TASK TO CARRY OUT » Below are the records. Retype, exactly, the lines from the first through the line with "2023 John Deere", and leave out the pictures.

[Stored data entries]
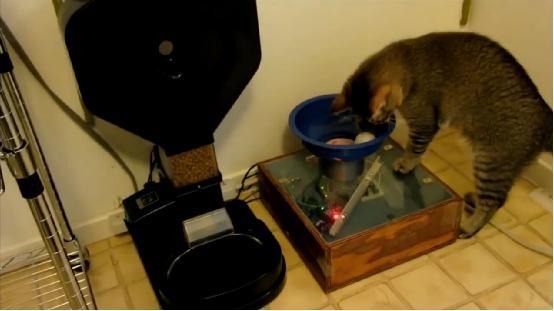 懒惰是许多家猫的一大“缺点”,为了让自己的爱宠多运动,猫奴们也是想尽了办法。最近,YouTube用户Ben Millam就改装了自家的宠物喂食器,使其只有在被投入装备了RDIF芯片的球时才会提供猫粮。
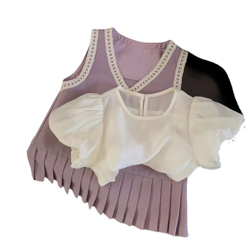 | Цвет: | Фиолетовый костюм (юбка+подкладка), Сиреневое платье-комбинация |
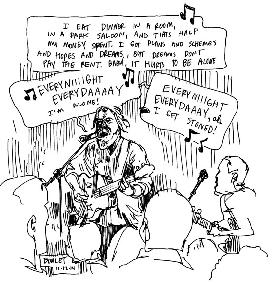 The above is my favorite song of "THE WHITE BUFFALO", and he was playing it as I was drawing this. Song title "Every Night and Every Day"
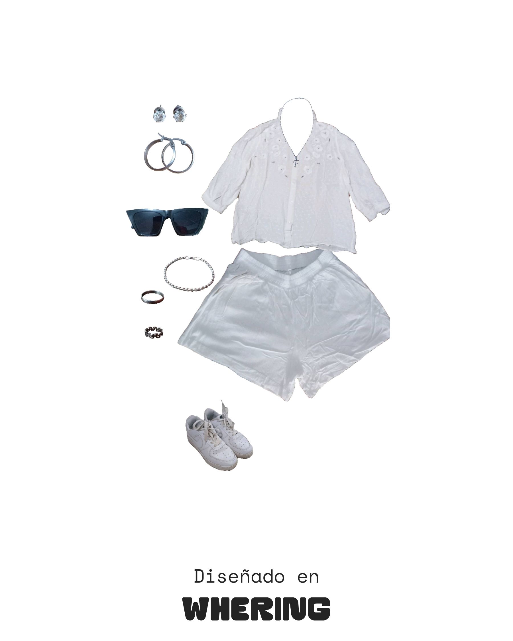 Casual: Short de lino blanco, camisa blanca, zapatillas blancas, lentes de sol, anillos, aros, pulsera y cadenita.
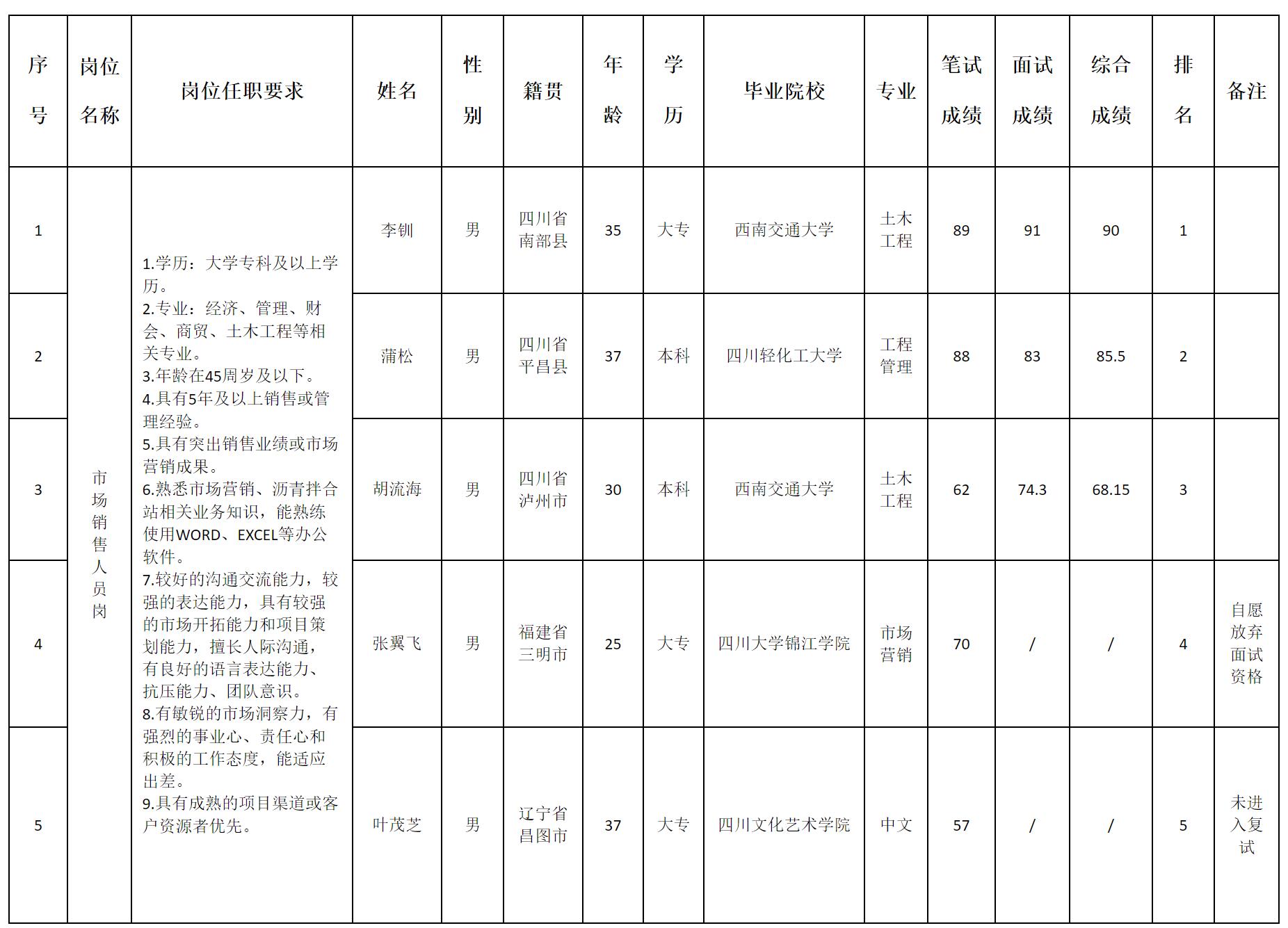根據(jù)綿陽交發(fā)大道新材料科技有限責(zé)任公司發(fā)布的招聘公告及招聘相關(guān)規(guī)定,經(jīng)筆試、面試等程序,現(xiàn)將成績予以公示。
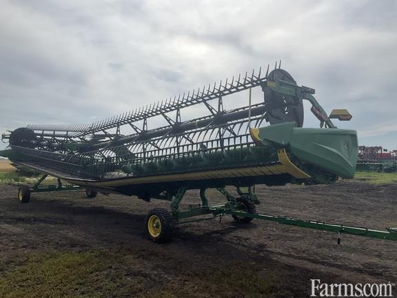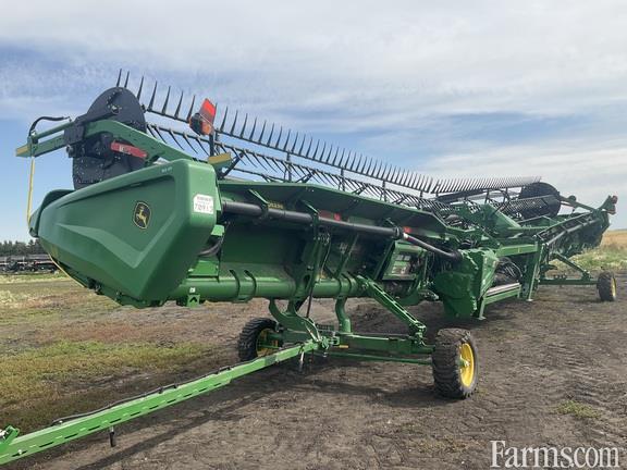 2023 John Deere HD45F 45 foot flex draper platform flip over pickup reel back sheet extensions integrated John Deere transport
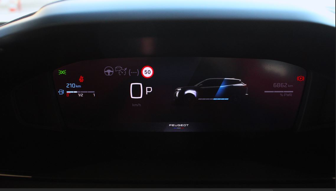 Κυριαρχεί λιτότητα, σκούρες αποχρώσεις του γκρι και μαύρου, υφασμάτινη επένδυση, τεχνολογική πανδαισία με δύο οθόνες, μία αφής 10″ στην μέση για το σύστημα ψυχαγωγίας και ασύρματη συνδεσιμότητα μέσω Apple Car play & Android Auto και έναν τρισδιάστατο ψηφιακό πίνακα οργάνων i-Cockpit 10″ για τις πληροφορίες οδήγησης-ταξιδιού πίσω από το μικρής διαμέτρου τιμόνι το οποίο και αποτελεί χαρακτηριστικό της γαλλικής εταιρίας τα τελευταία χρόνια.
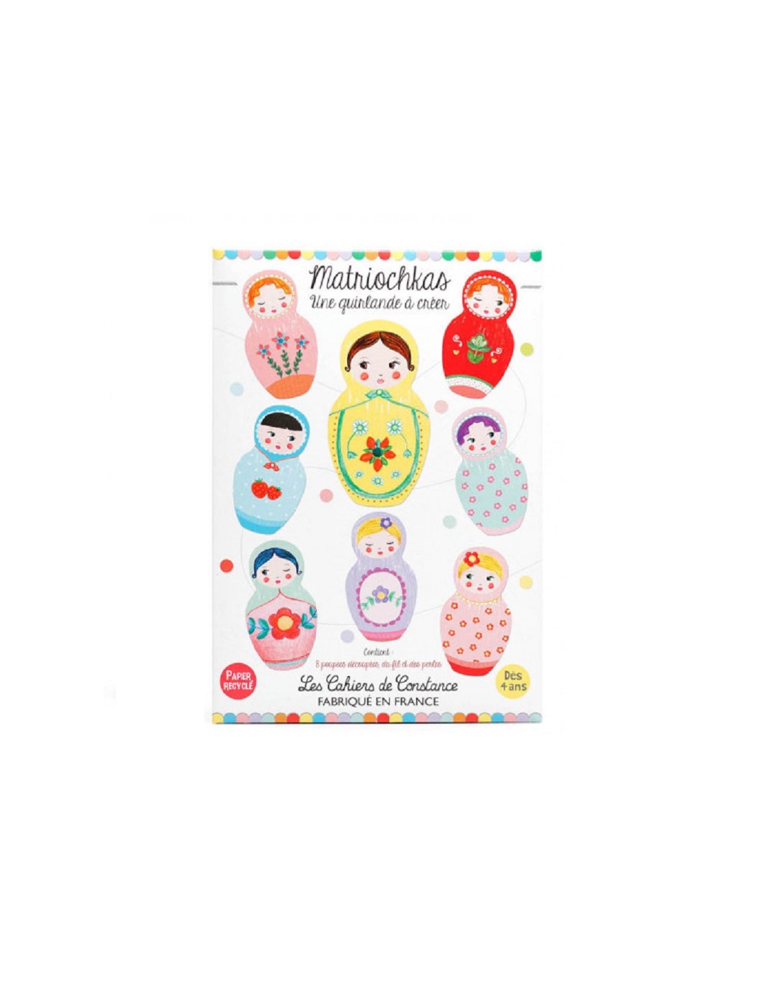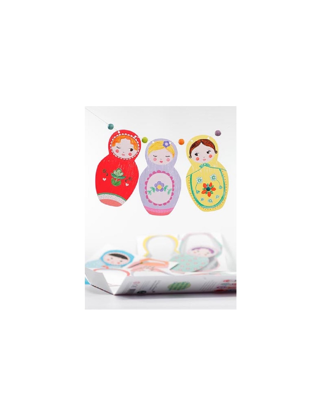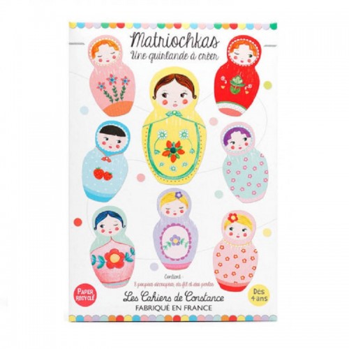 Ce kit contient 8 matriochkas en papier épais (poupées russes de hauteur 13 cm) à assembler avec du fil et des perles, afin de former une jolie guirlande de 1,5 m.
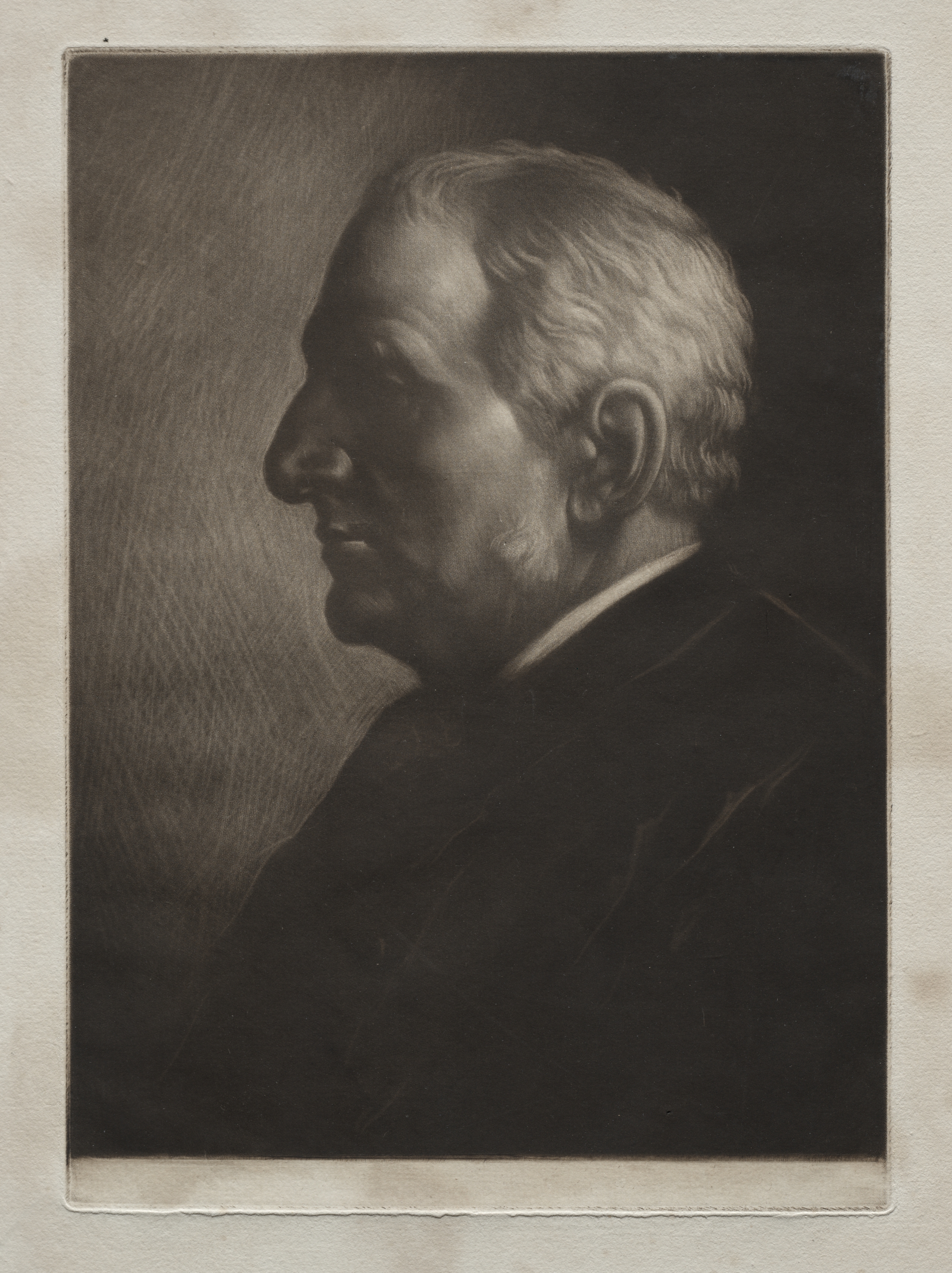Black and white portrait of an older man with short hair. The man is shown in profile, facing left. He has a prominent nose and a receding hairline. He wears a dark suit jacket with a white collar visible at the neck. The background is darker on the right side of the image and lighter on the left. The portrait is rectangular with a light-colored border around the edges. The image is in a range of grays.
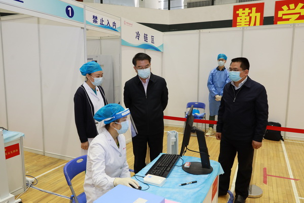 接种首日,校党委书记张京泽来到疫苗接种现场检查指导工作,看望前来进行核酸检测、疫苗接种的同学们,以及现场的医务工作者和组织保障人员,确保相关工作安全有序开展。
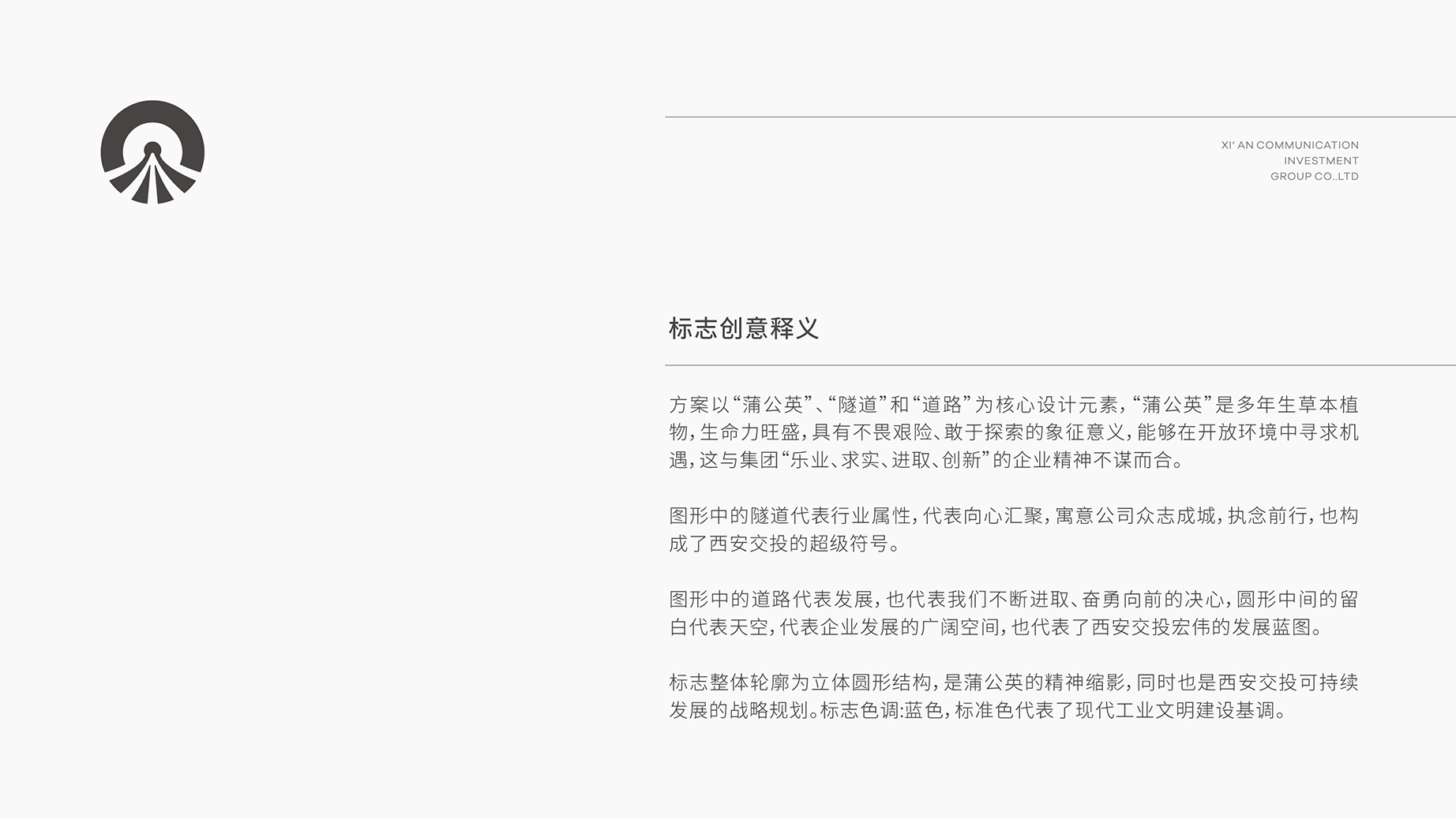 标志整体轮廓为立体圆形结构,是蒲公英的精神缩影,同时也是西安交投可持续发展的战略规划。标志色调:蓝色,标准色代表了现代工业文明建设基调。
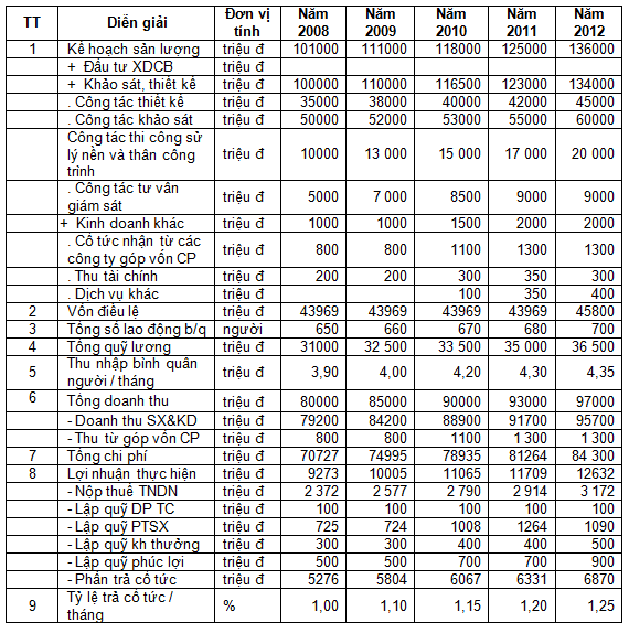 Chi tiết phương án sản xuất kinh doanh cho 05 năm giai đoạn (2008-2012) được xem tại đây.
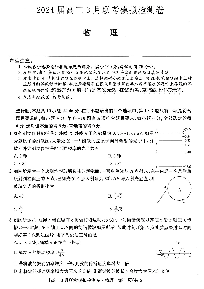 东北三省2024届高三3月联考模拟检测卷物理+答案
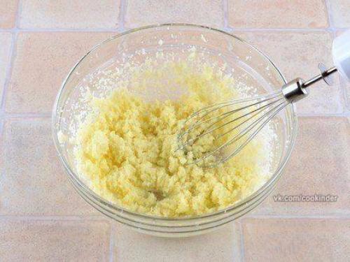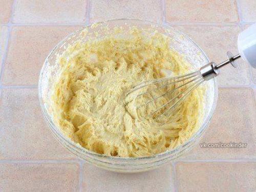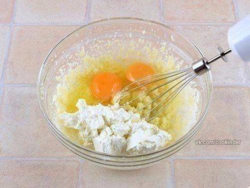 Мягкое сливочное масло взбить и сахар немного. Добавить творог, яйца, хорошо взбить до однородности.
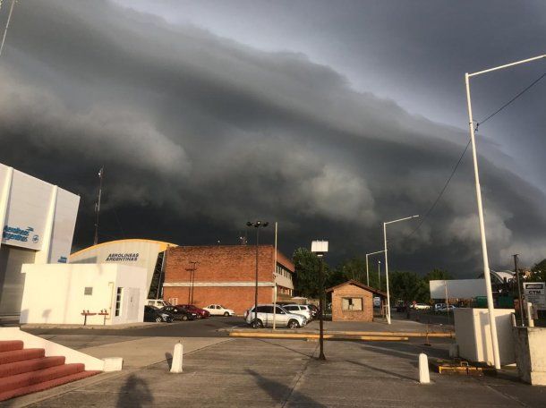 La tormenta se acerca a la Ciudad y ya en Ezeiza las nubes se "devoraron" la terminal aérea.

COMPLETED EXERCISE »
 懒惰是许多家猫的一大“缺点”,为了让自己的爱宠多运动,猫奴们也是想尽了办法。最近,YouTube用户Ben Millam就改装了自家的宠物喂食器,使其只有在被投入装备了RDIF芯片的球时才会提供猫粮。
 | Цвет: | Фиолетовый костюм (юбка+подкладка), Сиреневое платье-комбинация |
 The above is my favorite song of "THE WHITE BUFFALO", and he was playing it as I was drawing this. Song title "Every Night and Every Day"
 Casual: Short de lino blanco, camisa blanca, zapatillas blancas, lentes de sol, anillos, aros, pulsera y cadenita.
根據(jù)綿陽交發(fā)大道新材料科技有限責(zé)任公司發(fā)布的招聘公告及招聘相關(guān)規(guī)定,經(jīng)筆試、面試等程序,現(xiàn)將成績予以公示。
 2023 John Deere HD45F 45 foot flex draper platform flip over pickup reel back sheet extensions integrated John Deere transport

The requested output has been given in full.